SAP HANA Text Analysis

Mining social media data for customer feedback is one of the greatest untapped opportunities for customer analysis in many organizations today.

As many are aware, twenty-first century corporations are facing a crisis. Many corporations have been accurately and comprehensively storing data for years. The data is in variety of forms like social media posts, email, blogs, news, feedback, tweets, business documents etc.

It is very important to extract meaningful information without having to read every single sentence. Now, what is meaningful information? The extraction process should identify the “who”, “what”, “where”, “when” and “how much” (among other things) from these data.
For example, use social media data to find out –

  • What people are saying about my brand or products?
  • How many people recommend my brand vs. advocate against it?

Text Analysis is the solution of all this problem.

In this article we will explain:

  • What is Text Analysis?
  • Why Text Analysis is so important for business?
  • How does SAP HANA support text analysis?

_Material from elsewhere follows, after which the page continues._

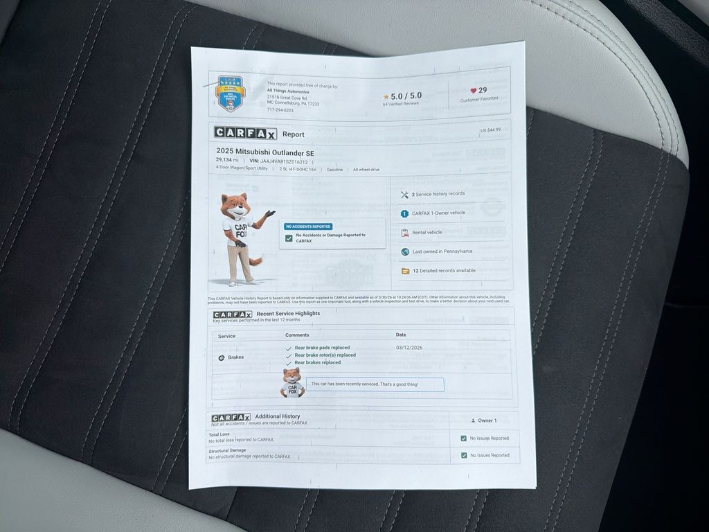 2025 Mitsubishi Outlander SE AWD â" 2.5L 4-Cylinder, 29,124 Miles â" Bedford, PA This 2025 Mitsubishi Outlander SE pairs efficient performance with modern safety and comfort features, making it an excellent value for families and commuters. Powered by a 2.5L 4-cylinder gasoline engine and equipped with AWD, it delivers confident handling in varied weather and road conditions while maintaining strong fuel economy. With only 29,124 miles, this Mitsubishi Outlander offers low mileage for a late-model SUV and many miles of enjoyable driving ahead. Standard and available technologies enhance convenience and safety, including Adaptive Cruise Control, Lane Keep Assist, and Remote Start for cold mornings. The leather seats add a touch of luxury and easy maintenance, while interior space and thoughtful ergonomics provide a comfortable ride for passengers and cargo. The vehicle comes with a CARFAX Clean Report, offering added peace of mind about its history. Located in Bedford, PA, this Mitsubishi Outlander SE is competitively priced and advertised as the best price, delivering excellent value relative to comparable local listings. Whether you need a reliable daily driver or a capable family crossover with modern driver-assist technology, this Mitsubishi Outlander blends practicality, comfort, and safety. Contact us to schedule a test drive or to request the CARFAX report and a full equipment list.

Before understanding Text Analysis, you will have to first understand Structured Data and Unstructured Data.

Structured and Unstructured Data:

Structured Data:

Data that resides in a fixed field within a record or file is called structured data. This includes data contained in relational databases and spreadsheets .
For example data stored in database tables are structured data.

Structured data has the advantage of being easily entered, stored, queried and analyzed.

Unstructured Data:

The phrase “unstructured data” usually refers to information that doesn’t reside in a traditional row-column database.

Unstructured data files often include text and multimedia content. Examples include e-mail messages, word processing documents, videos, photos, audio files, presentations, webpages and many other kinds of business documents.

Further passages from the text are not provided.